What changes can students expect?
There will be some differences in how financial aid is calculated for students living off-campus. Financial aid funding for room and board will now be matched to state recommendations for housing and food costs, rather than the price of living on-campus. This is standard practice among some of our peer institutions and will provide a more accurate picture of juniors’ and seniors’ financial needs (right now, students are given the same financial aid budget for all four years).
The number of RAs will be lowered by five from the current number of 39. There is a discrepancy in the number of students served by different RA positions (with the smallest RA-student ratio at 1:4 and the largest at 1:26, depending on residence hall), so this change will actually create better equity across those positions while reducing costs.
For varsity athletics, we will work to share costs with non-conference teams at other schools to travel to Walla Walla so we can have more home games. This will reduce travel cost as well as missed class for our student athletes. We will also work with a single vendor to purchase athletic uniforms and equipment, lowering costs and streamlining ordering and apparel design.
What do the changes to lifecycle and facilities mean?
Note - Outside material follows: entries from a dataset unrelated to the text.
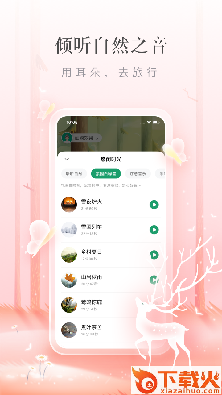 片时app下载,汇聚更多自然场景与音频,为小伙伴们提供更加宁静平和的场景,来片时app一键身临其境体验自然魅力,治愈身心疲惫,有需要就来下载。...
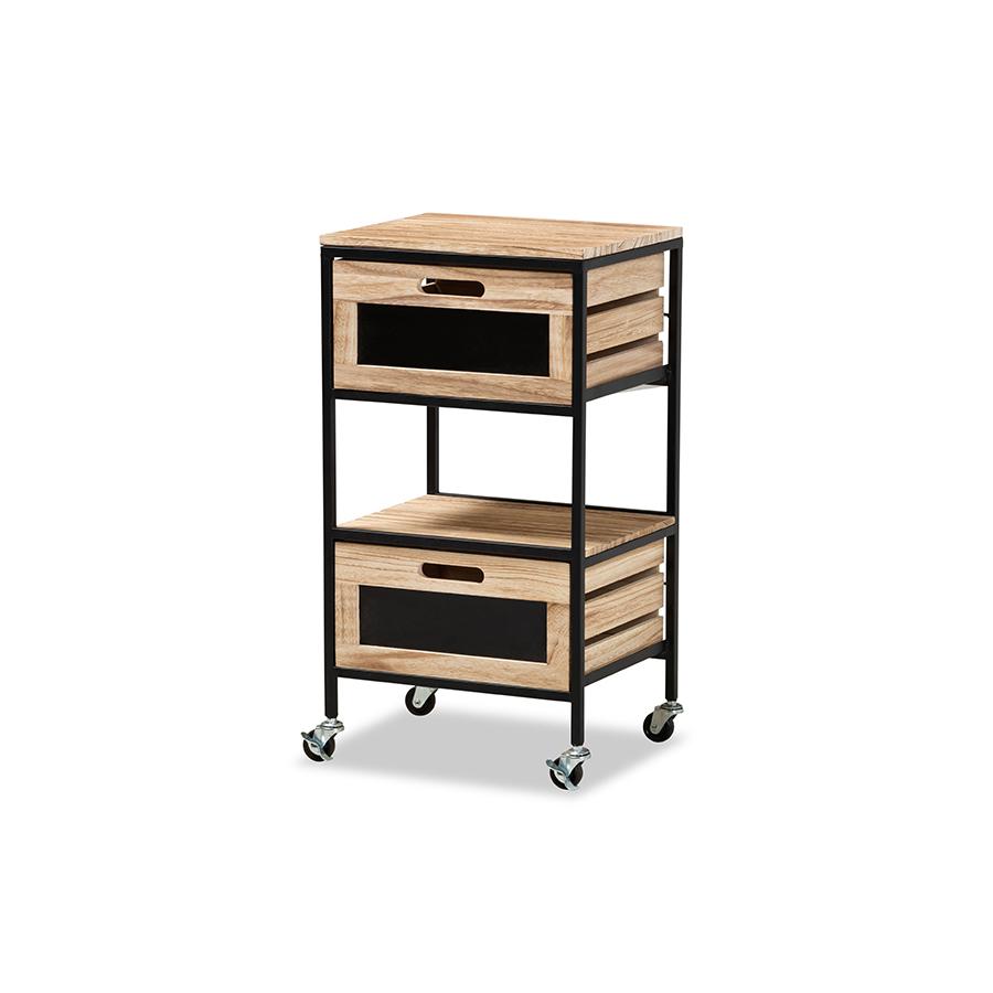 Industrial Oak Brown Finished Wood and Black Metal 2-Drawer End Table
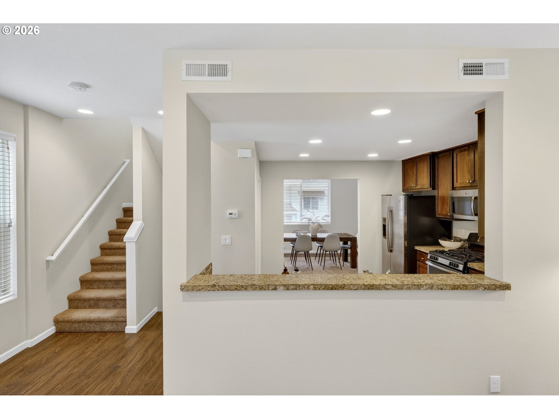 - *OPEN SAT & SUN 2/21 & 2/22 FROM 11 AM - 1 PM* Exceptional Tanasbourne townhome with a welcoming covered front porch and 2 spacious primary suites, desirably located near Whole Foods, Tanasbourne shopping & dining, Nike, Intel, and magnificent Magnolia Park. The bright, airy great room features a cozy slate stone gas fireplace and engineered hardwood floors that extend throughout the main. Centerpiece kitchen has granite counters, tile backsplash, SS/gas appliances, and pantry. Entertain effortlessly in the light-filled formal dining room off the kitchen (could also be a fantastic home office). Upstairs, dual primary suites boast walk-in closets with built-in shelves, ensuite bathrooms with tile floors and tile vanities, and one suite with vaulted ceilings. Convenient laundry closet located in the hall. Lower level includes a full bedroom, half bath, and access to the finished 2-car tandem garage. Step outside to a fully fenced private patio with a planting area—perfect for relaxing or entertaining. HOA includes exterior maintenance and front yard landscaping (new exterior paint completed in July 2025). Off-street (3 locations) and on-street parking is available close by, along with wonderful amenities within walking distance. [Home Energy Score = 7. HES Report at https://rpt.greenbuildingregistry.com/hes/OR10244419]
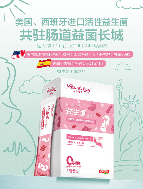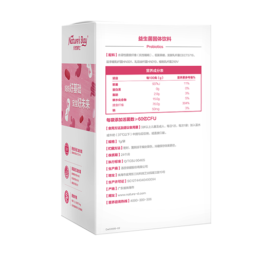 主要原料:水溶性膳食纖維、(抗性糊精)、低聚果糖、發(fā)酵乳桿菌CECT5716、鼠李糖乳桿菌HN001、乳雙歧桿菌HN019、植物乳桿菌299V
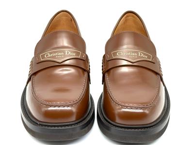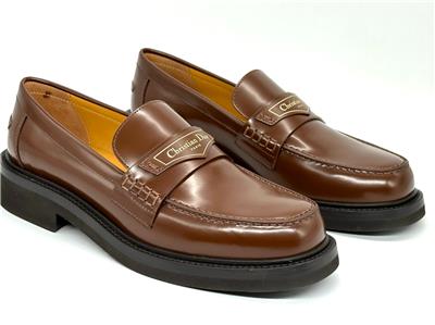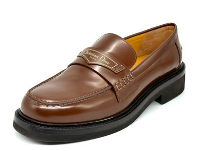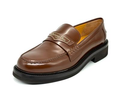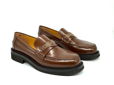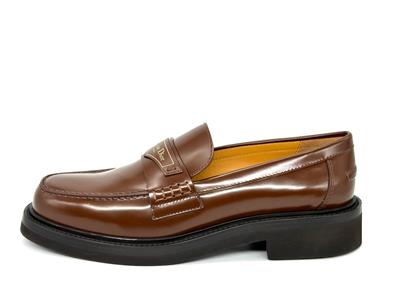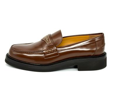 Made in Italy Boy Leather Loafer in brown brushed calfskin leather with logo printed strap
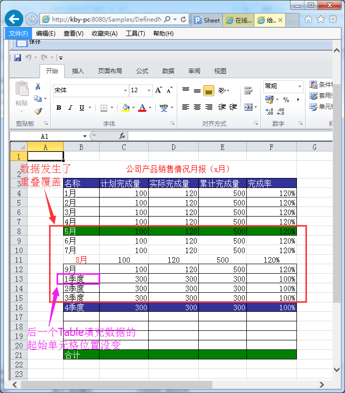 - 可以避免同一个Excel工作薄中有多个表格时,上面的表格数据行增长后与下面的表格数据出现互相覆盖的问题。 假如在一个Excel模板的同一个工作薄中,使用openTable(rangeAddress)方法打开两个不同的Table,分别为Table1(数据填充范围:第4-7行,行数:4行)、Table2(数据填充范围:第13-16行)。而要动态填充到Table1里的实际数据行数为12行,超过了指定的单元格区域行数,且Table1设置了默认自动扩展单元格行数到实际大小,并且给新的单元格数据行应用 RangeAddress 指定的单元格区域的格式,那么数据填充完后,Table1的实际填充范围应该是第4-15行;然而由于Table2的起始填充位置是不变的,还是从第13行开始填充,这样一来,Table2填充的数据就会覆盖Table1第13-15行的数据,即发生数据重叠覆盖的现象。
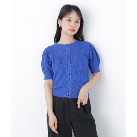 フロントをレースで切り替えたシアー感が涼しげで華やかなニット。華奢な地柄編みとドライタッチな素材感で、涼しげで軽やかな印象に見せてくれます。襟ぐりもレースのような編地で仕上げた上品なデザイン。フェミニンになりすぎず、カジュアルなスタイリングにもおすすめです。<素材>ドライタッチでシャリ感のある素材を使用しています。<詳細>仕様・開閉なし裏地・なし透け感・あり / 光沢・ややあり / 伸縮性・あり生地の厚さ・薄手※モデルの着用画像の場合、光の当たり具合により、実際の色味と異なって見えることがございます。色味は、商品単体の画像をご参照ください。

The lifecycle fund is where money is set aside in a reserve account to fund the replacement of building components (roofs, windows, carpet, etc.) when they reach the end of their useful lives. The College is lowering the contribution rate to a new level where funds will be available to meet the college’s needs for the next 17 years compared to the previous funding level in which funds would meet needs for 23 years. This leaves plenty of time to make future adjustments if needed.
Whitman will also replace older light fixtures with LEDs beginning in Fouts Center for Visual Arts, which will lead to long-term savings as well as align with our environmental sustainability goals.
Adapting to the demands of the pandemic caused considerable financial strain for the college. But it is not the whole story. There are real challenges ahead, and the future of the college depends on how effectively we invest in our people and programs, innovate our curriculum and meet our students where they are with financial aid.
These are always hard conversations, especially in a tight-knit community like Whitman—there is no avoiding that. While we believe the tradeoffs outlined above will not dramatically alter the makeup of the college, that does not mean they are not painful.
The next phase of this process is to envision the new and exciting things we can achieve, the new traditions we can create. As we continue to be more cost-conscious and thoughtful about how we use our resources and become more efficient over time, Whitman will be well-positioned not only to succeed in our mission, but to thrive.